Moreover, the detector 13 which detects the frequency and electric current between the inverter 12 and the three-phase induction motor 14 is provided. Hereinafter, the frequency and current detected by the detector 13 are referred to as a primary frequency and a primary current, respectively. Moreover, the control means 17 which controls the inverter 12 is provided so that it may become the predetermined frequency mentioned above based on these detected rotation speed, primary frequency, and primary current.

Next, the control performed by the control unit 17 will be described.
A user who desires shredding of the paper bundle (hereinafter referred to as “user”) turns on the shredder switch to drive the three-phase induction motor 14 to operate the shredding mechanism. In this state, since the paper bundle is not yet shredded, the three-phase induction motor 14 is in a no-load operation. Then, the user inserts the paper bundle into the shredding insertion slot and shreds the paper bundle. In this state, since the paper bundle is shredded, the three-phase induction motor 14 is in a load operation. Therefore, the rotational speed of the rotating shaft of the three-phase induction motor 14 is lower than the rotational speed during no-load operation. When the control means 17 detects a decrease in the rotational speed from the rotational speed detector 16, it attempts to return to the rotational speed at the time of no-load operation, and thus calculates a necessary frequency for returning to the rotational speed.

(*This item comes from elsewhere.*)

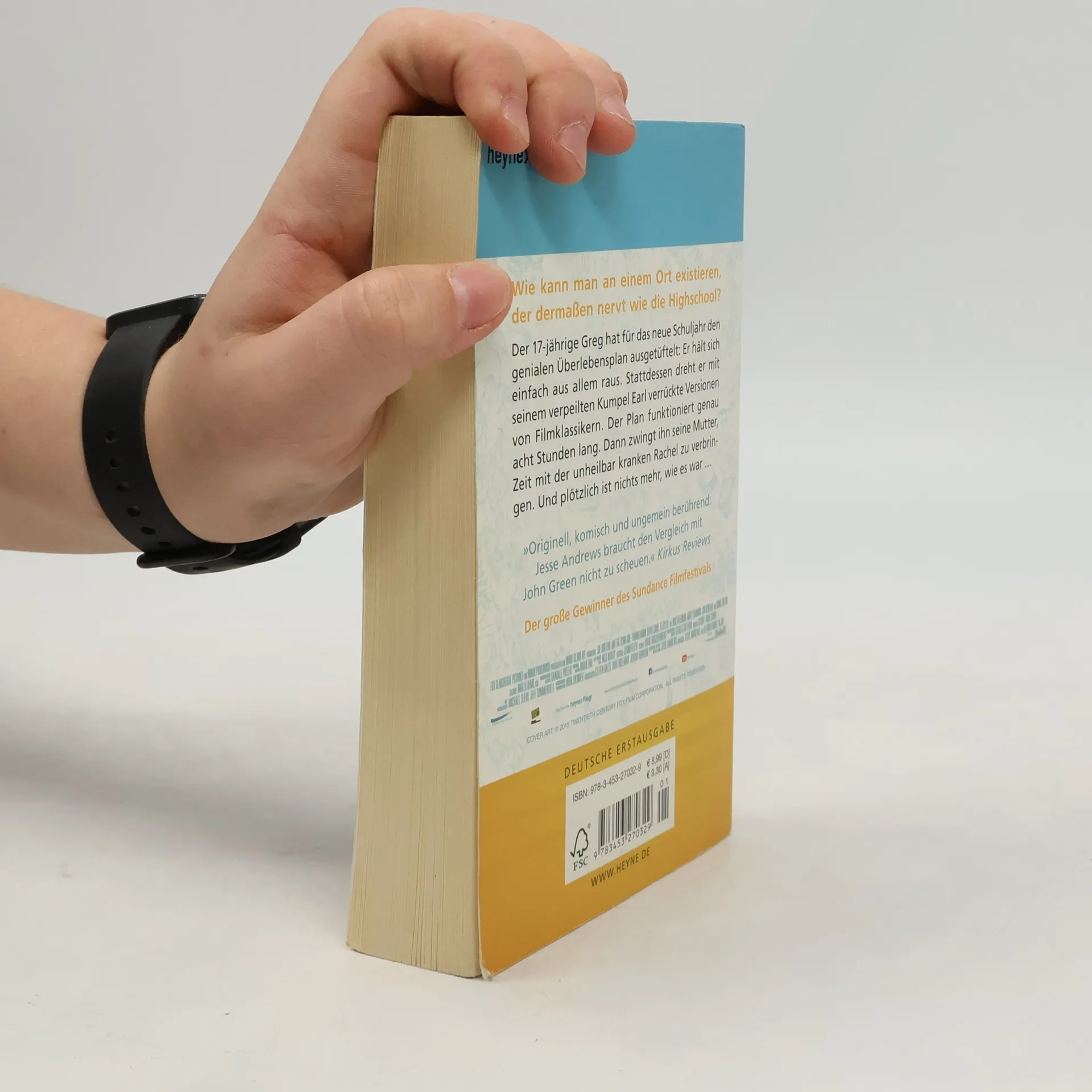 Ein etwas nerdiger Junge. Ein Mädchen, das stirbt. Ein Buch, das einen nicht mehr loslässt Greg ist siebzehn und hält sich am liebsten aus allem raus. Soziale Kontakte vermeidet er, wo immer es geht. Stattdessen dreht er mit seinem einzigen und ziemlich verpeilten Kumpel Earl verrückte Versionen von Filmklassikern. Bis seine Mutter ihn mehr oder weniger dazu zwingt, Zeit mit der unheilbar kranken Rachel zu verbringen. Greg ist alles andere als begeistert. Doch dann stellen er und Rachel überrascht – nahezu geschockt! – fest, dass sie einander wirklich mögen. Gregs ganzes Weltbild ändert sich. Doch den beiden läuft die Zeit davon …
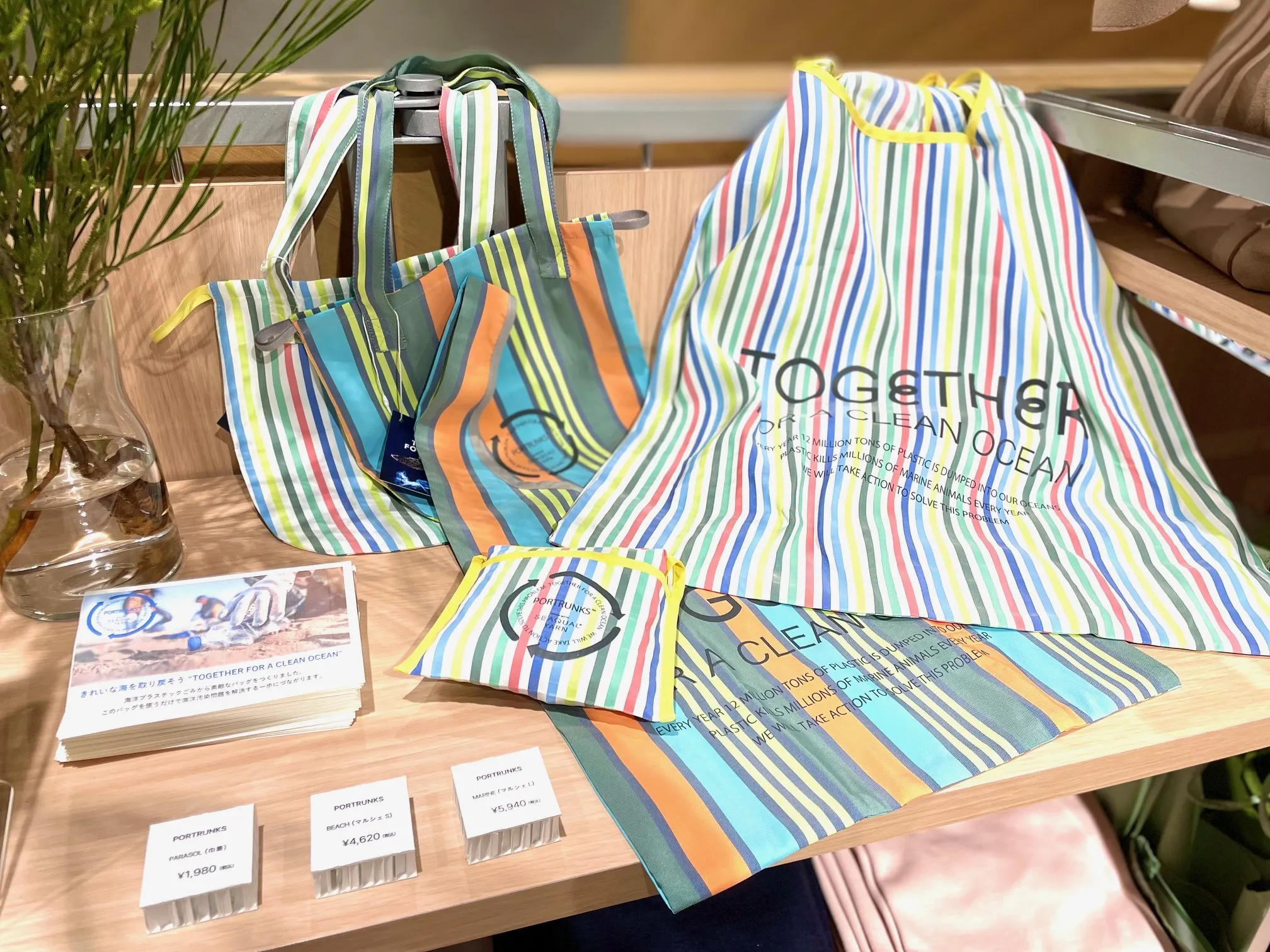 実は[Cosme Kittchen] さんのユニフォームは[PORTRUNKS]と同じ生地なんです。そう海洋プラスチックリサイクル素材「SEAQUAL」です。

  Here, the control means 17 can calculate a plurality of frequencies for returning to the rotation speed during no-load operation. And the control means 17 selects the frequency which can make a primary current the minimum from the calculated several frequency. In order to select the frequency, the control means 17 determines the frequency of the three-phase induction motor 14 based on the rotation speed of the three-phase induction motor 14 from the rotation speed detector 16 and the primary frequency and primary current from the detector 13. A secondary current is calculated. The secondary current is a current that flows through the rotor of the three-phase induction motor 14. The control means 17 calculates the primary frequency so that the phase difference between the primary magnetic flux generated in the stator by the primary current and the calculated secondary current becomes 90 °. When the primary frequency is calculated in this way, the torque generated in the rotor is maximized, and as a result, the frequency at which the primary current is minimized can be calculated. This calculated frequency is a predetermined frequency.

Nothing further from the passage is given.